The main finding of our review of quantitative approaches for benefit and harm assessment used in the medical literature is a simple algorithm that categorizes existing quantitative approaches broadly into approaches that consider single or multiple benefit and harm outcomes and into approaches that use a benefit-harm comparison metric or present outcomes side by side. We also found that for most approaches, researchers use aggregate data so as to make the approaches suitable for systematic reviews even if that is not their intended purpose. Interestingly, only few approaches provide measures of uncertainty and none of the approaches considers a potential correlation between benefit and harm outcomes (joint distribution).

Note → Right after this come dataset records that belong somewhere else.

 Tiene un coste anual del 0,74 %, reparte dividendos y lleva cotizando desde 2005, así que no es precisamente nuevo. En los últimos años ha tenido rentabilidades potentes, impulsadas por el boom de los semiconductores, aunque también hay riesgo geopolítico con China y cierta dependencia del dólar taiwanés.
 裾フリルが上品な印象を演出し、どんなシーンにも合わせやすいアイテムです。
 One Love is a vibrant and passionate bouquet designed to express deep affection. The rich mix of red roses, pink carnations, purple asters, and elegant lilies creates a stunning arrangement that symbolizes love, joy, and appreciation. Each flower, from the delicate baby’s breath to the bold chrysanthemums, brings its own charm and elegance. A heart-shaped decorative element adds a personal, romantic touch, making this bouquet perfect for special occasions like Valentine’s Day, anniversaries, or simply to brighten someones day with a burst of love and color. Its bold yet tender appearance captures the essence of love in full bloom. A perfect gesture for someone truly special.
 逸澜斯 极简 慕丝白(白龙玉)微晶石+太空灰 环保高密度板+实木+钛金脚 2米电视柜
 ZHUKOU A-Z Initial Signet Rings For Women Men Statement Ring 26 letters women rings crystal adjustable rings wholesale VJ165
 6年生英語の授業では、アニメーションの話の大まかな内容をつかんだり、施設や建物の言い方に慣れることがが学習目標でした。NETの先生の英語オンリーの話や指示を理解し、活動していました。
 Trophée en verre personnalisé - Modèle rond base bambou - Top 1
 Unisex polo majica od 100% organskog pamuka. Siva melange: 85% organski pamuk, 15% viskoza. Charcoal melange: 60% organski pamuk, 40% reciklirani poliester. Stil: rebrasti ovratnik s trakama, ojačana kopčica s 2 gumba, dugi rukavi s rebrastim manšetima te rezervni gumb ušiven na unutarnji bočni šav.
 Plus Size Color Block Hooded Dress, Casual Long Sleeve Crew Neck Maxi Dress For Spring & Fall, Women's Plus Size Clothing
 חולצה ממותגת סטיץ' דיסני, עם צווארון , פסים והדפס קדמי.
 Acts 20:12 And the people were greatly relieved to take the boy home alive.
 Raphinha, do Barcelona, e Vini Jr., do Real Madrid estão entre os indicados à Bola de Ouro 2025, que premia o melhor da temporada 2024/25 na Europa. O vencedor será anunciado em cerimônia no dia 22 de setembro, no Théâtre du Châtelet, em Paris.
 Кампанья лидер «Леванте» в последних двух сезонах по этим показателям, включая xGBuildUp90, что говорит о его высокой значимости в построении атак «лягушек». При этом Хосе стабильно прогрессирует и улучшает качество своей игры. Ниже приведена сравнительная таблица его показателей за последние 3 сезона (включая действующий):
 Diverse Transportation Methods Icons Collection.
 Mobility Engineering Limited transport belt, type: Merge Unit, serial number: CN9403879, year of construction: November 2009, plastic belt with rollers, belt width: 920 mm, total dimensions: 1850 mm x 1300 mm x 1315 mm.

We identified a number of assumptions that researchers make when applying some of the quantitative approaches: First, for some approaches researchers assume that one or more benefit and harm outcomes can be put on the same scale to calculate a benefit and harm comparison metric. Challenges for putting different outcomes on the same scale include their relative importance to decisionmakers, simplification of the outcomes (e.g. dichotomizing continuous outcomes, which may lead to substantial loss of information), or different methods and timing in the ascertainment of different outcomes.
However, the advantages of a benefit-harm comparison metric may be substantial, for example, in the context of complex situations where multiple outcomes are important and where patient, provider, and policymaker preferences vary . It is a great cognitive challenge to process such a multidimensional task without a benefit-harm comparison metric. The major advantage of using a benefit-harm comparison metric (over using an approach without such a common metric) is that it can make explicit assumptions about the relative importance of outcomes or the arbitrary selection of the evidence on benefits and harms or on baseline risks, and that sensitivity analyses can provide evidence as to how the benefit-harm comparison changes if different assumptions are made. Also, a single number may provide some advantages for the communication of benefit-harm comparison to patients because it avoids overwhelming the patients with data on multiple different outcomes.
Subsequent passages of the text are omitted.